This is an advantageous alternative, depending on the space
conditions on the board (1) and/or overall in the drive (6). A
configuration such as this is also worthwhile when the optical
scanner (3) has an intended stop point which is outside the plane
of the board (1). Production of the spring arm by bending a part
(2) of the board (1) is more complex in terms of tooling, but the
spring effect is comparable to that of a spring produced by
stamping.
[0024] A first variant of the above exemplary embodiment is
illustrated in FIG. 6. In this case as well, a piece (2) of the
board (1) is bent to form a stop angle. However, the stop angle is
designed such that the actual spring is located essentially
parallel to the board (1). This variant is distinguished in that it
projects considerably less out of the plane of the board (1), with
a comparable spring effect of the spring-like part (2) of the board
(1).
[0025] A second variant of the above exemplary embodiment is shown
in FIG. 7. In this case, the piece (2) which is bent to form a stop
angle originates from a different area of the board (1), which is
not located in the movement direction (A) of the optical scanner
(3).
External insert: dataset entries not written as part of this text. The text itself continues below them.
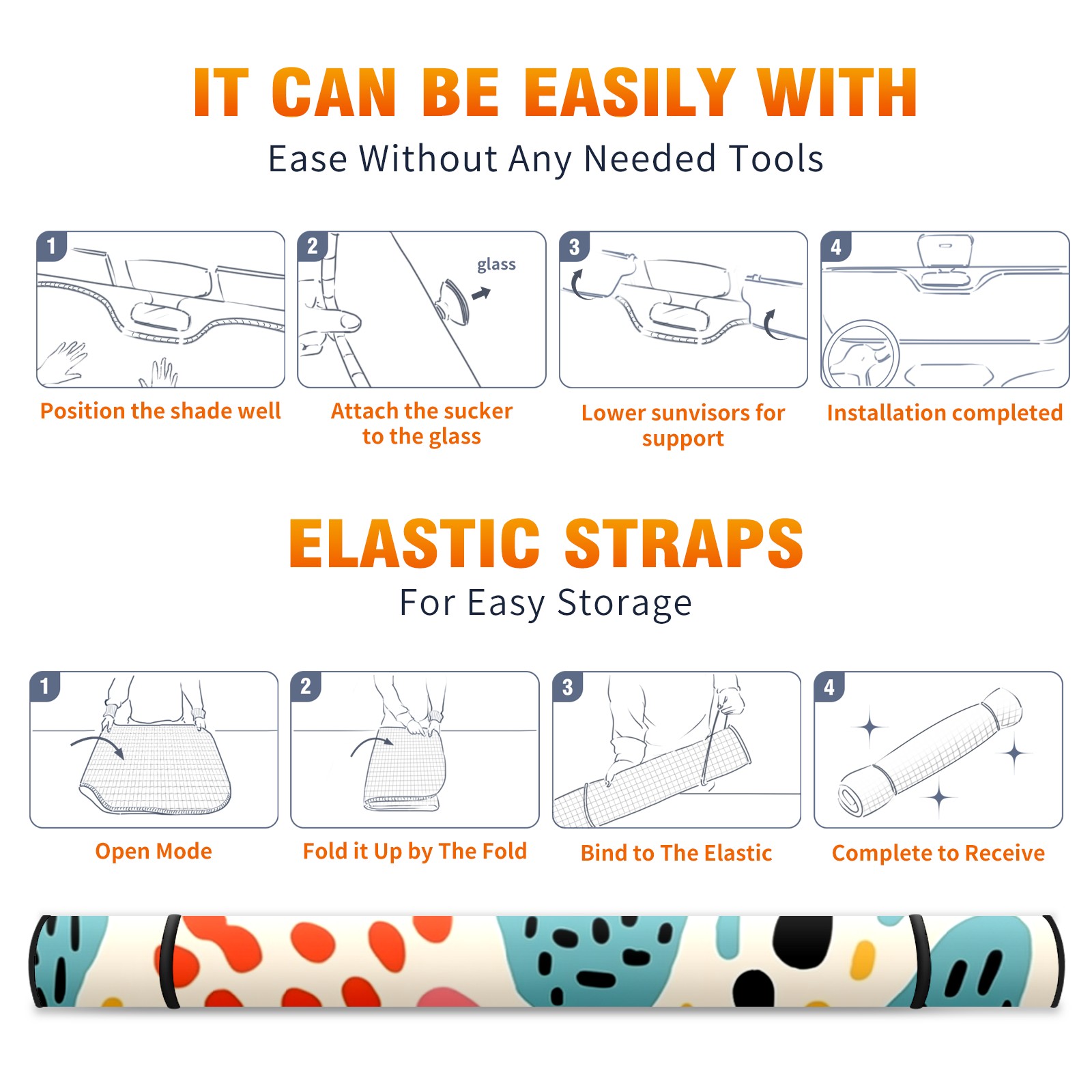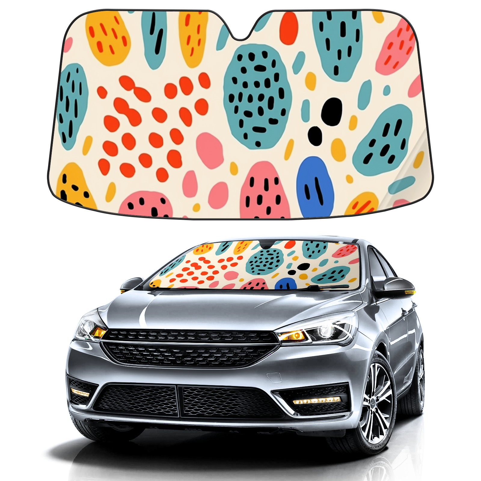 Car Windshield Sun Shade for Front Window Cute Illustration (4) Foldable Vehicle Windshield Car Sun Visor Covers Automotive Window Protector Car Privacy Sun Blocker
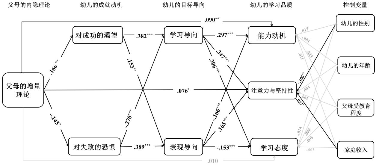 研究結果發現,父母的增量理論與孩子的積極學習品質顯著正相關。父母越相信孩子的智力是高度可塑的,孩子的能力動機越強、注意力和堅持性水平越高、學習態度越良好、學習策略越靈活。此外,孩子的成就動機和目標導向在這一影響過程中起到了連續中介的作用(見圖1)。對成功的渴望(hope for success)與孩子的學習導向(learning goal orientation,專注于掌握和提升能力)和表現導向(performance goal orientation,專注于取得好結果和正面評價)正相關。對失敗的恐懼(fear of failure)則與孩子的學習導向負相關,與表現導向正相關,學習導向有利于積極的學習品質,表現導向則相反。通過這一二階中介路徑,父母持有增量理論的程度越高,孩子便越多地渴望成功,越少地害怕失敗,從而總體上促進了孩子的學習導向,減少了孩子的表現導向,最終有益于孩子形成積極的學習品質。
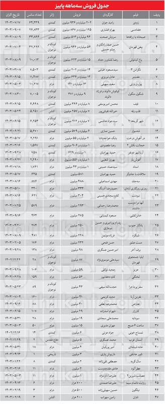 در سه ماه پاییز 47 فیلم روی روی پرده سینما رفته که در این میان ژانر درام با 25 اثر بیشترین سهم را داشته است. بعد از آن 12 فیلم کمدی، شش اثر کودک و نوجوان، دو فیلم اکشن، یک اثر دفاع مقدس و یک اثر تاریخی میزبان 10 میلیون و 687 هزار و 799 مخاطب در 241 هزار و 483 سانس بوده است. در این 90 روز گیشه سینما 586 میلیارد و 340 میلیون و 225 هزار تومان فروخته که این رقم نسبت به دو فصل اول سال 1403 روند افزایشی داشته است.
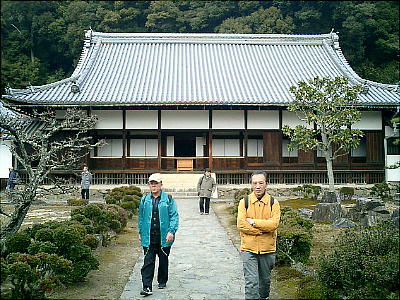 本堂から庭園を眺めていると、まさしく「心が洗われる」気がする。大自然を閉じこめた端正な空間。背後に朝日山を背負って静寂
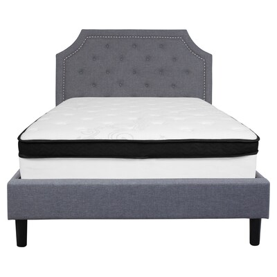 Flash Furniture Brighton Tufted Upholstered Platform Bed in Light Gray Fabric with Memory Foam Mattress, Full (SLBMF10)
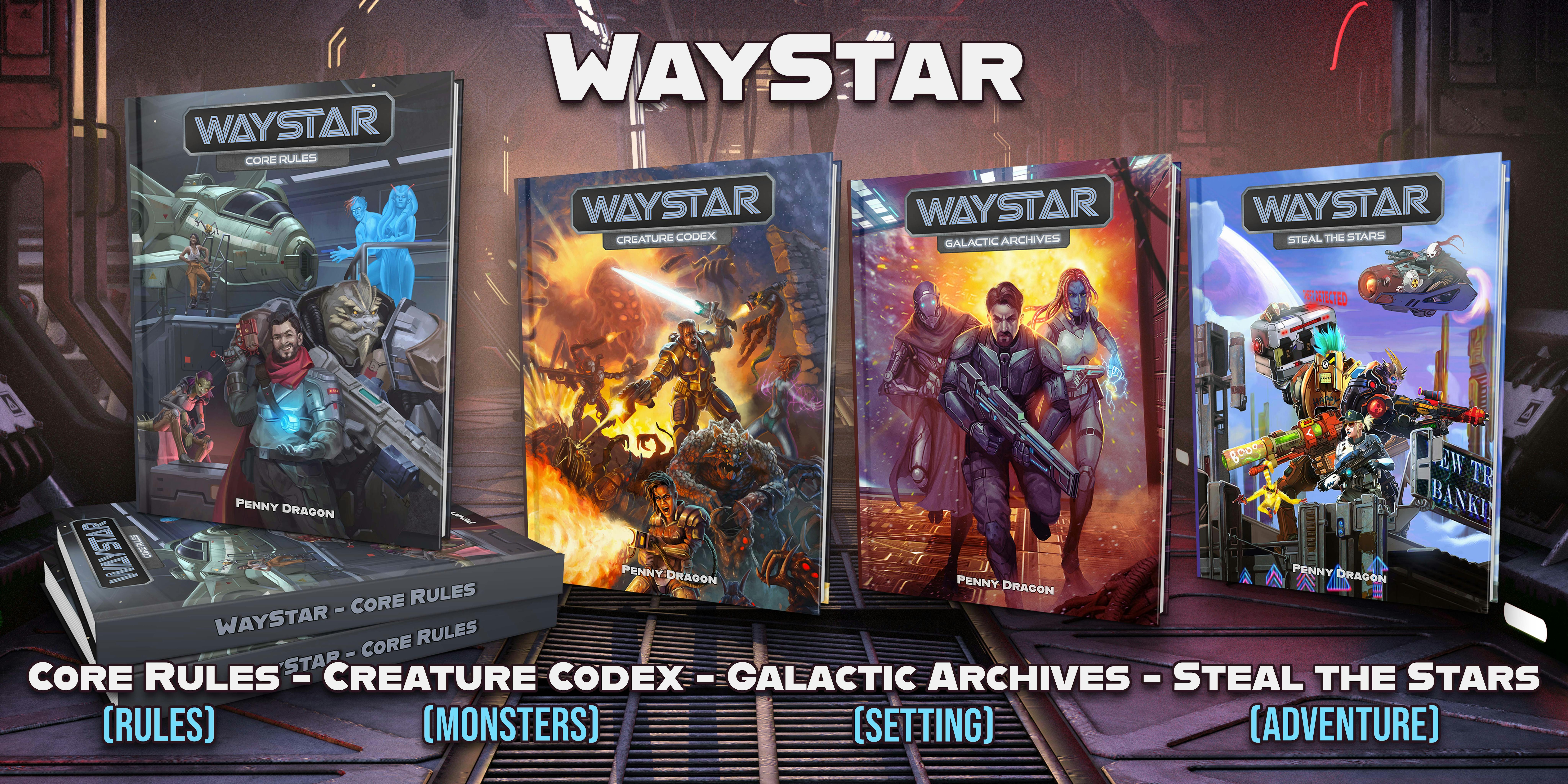 The WayStar Core Rulebook covers everything players and GMs need to play and run the game, including flexible character creation tools with new classes and species, and rules for combat, ship creation, space combat, space travel, gear, cybernetics, robotics…and so much more than we can possibly list here.
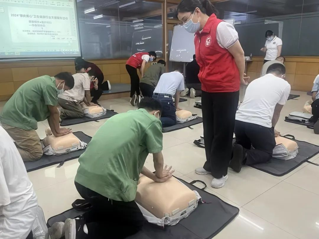 培訓現場,員工們學習熱情高漲,全神貫注傾聽講解,爭先恐后參與實操。在心肺復蘇模擬環節,大家輪流上陣,相互糾錯指正動作,確保每一個步驟都準確到位。志愿者在旁耐心指導講解,現場氣氛既緊張又活躍。
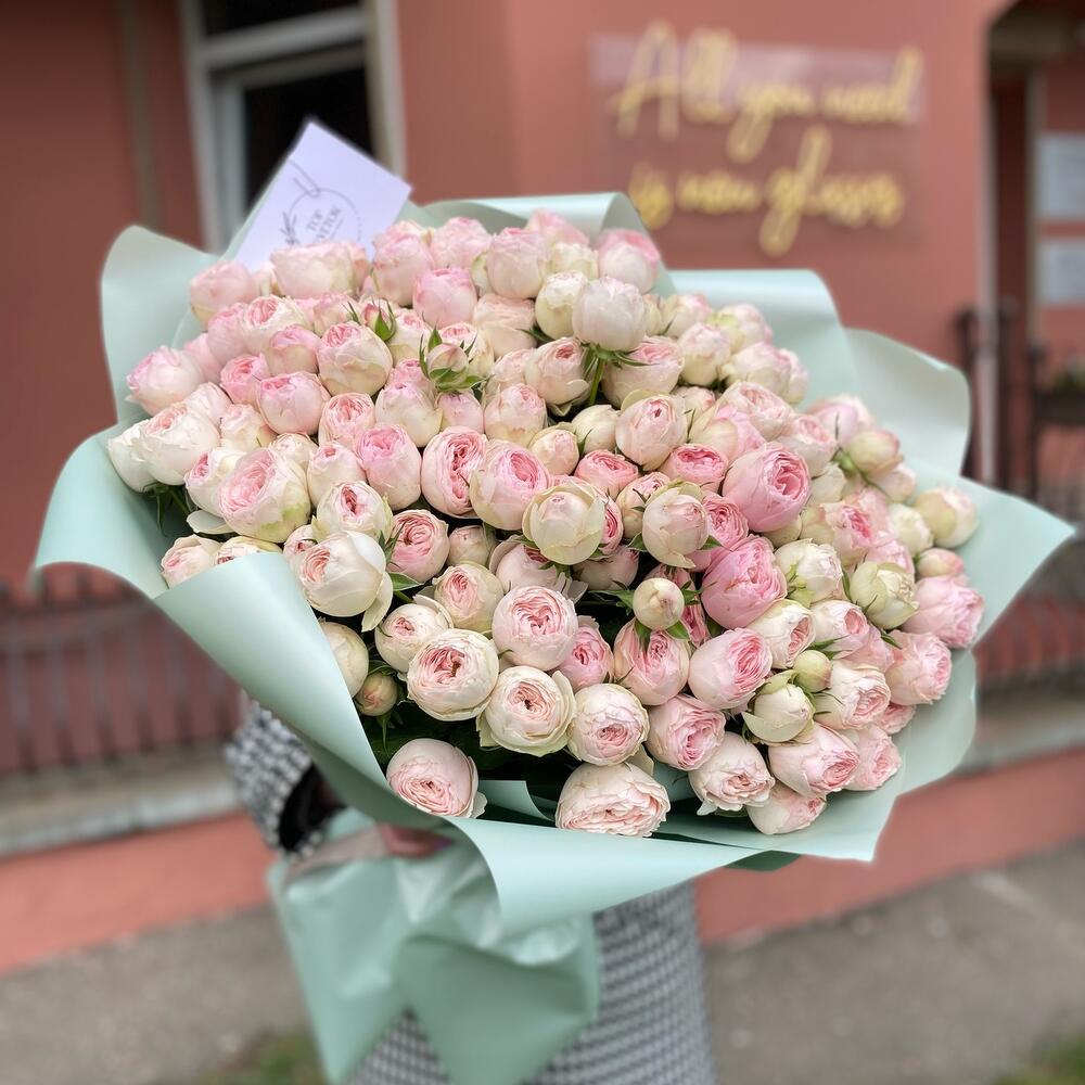 Букет из 35 кустовых пионовидных веток сорта Mansfield park в дизайнерском оформлении. Количество розочек(бутонов) может достигать 171 штучки
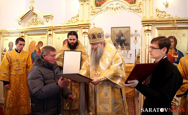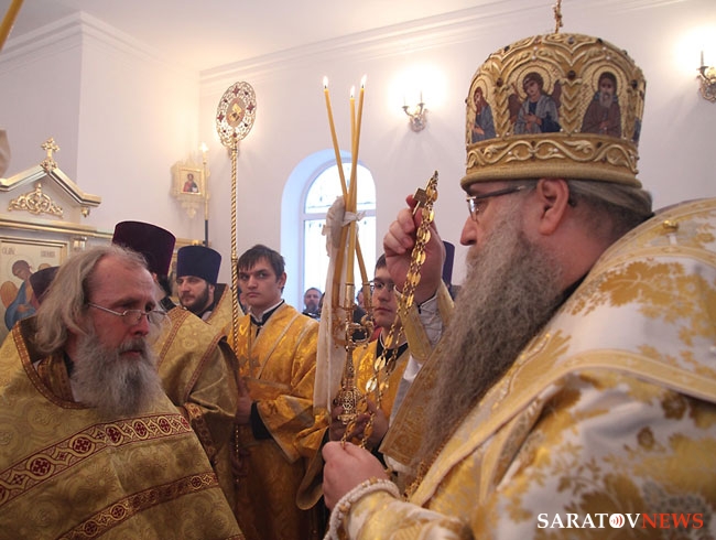 На малом входе Божественной литургии за труды во благо Святой Церкви клирик Свято-Троицкого собора Вольска священник Георгий Проценко был удостоен очередной награды - права ношения наперсного креста.

In this exemplary embodiment as well, the spring is located
essentially parallel to the board (1). In order to achieve a spring
effect, a part of the spring is angled such that it is located at
right angles to the movement direction (A) of the optical scanner
(3). This variant is advantageous, for example, when it is
impossible for space reasons to stamp a spring-like part out of
that region of the board (1) which is located in the movement
direction (A) of the optical scanner (3).
[0026] Further solutions for prevention of damage provide for the
use of flexible hooks made of plastic or rubber buffers, which act
as flexible stoppers. Another measure is for a part of the board to
be composed of a soft material.
* * * * *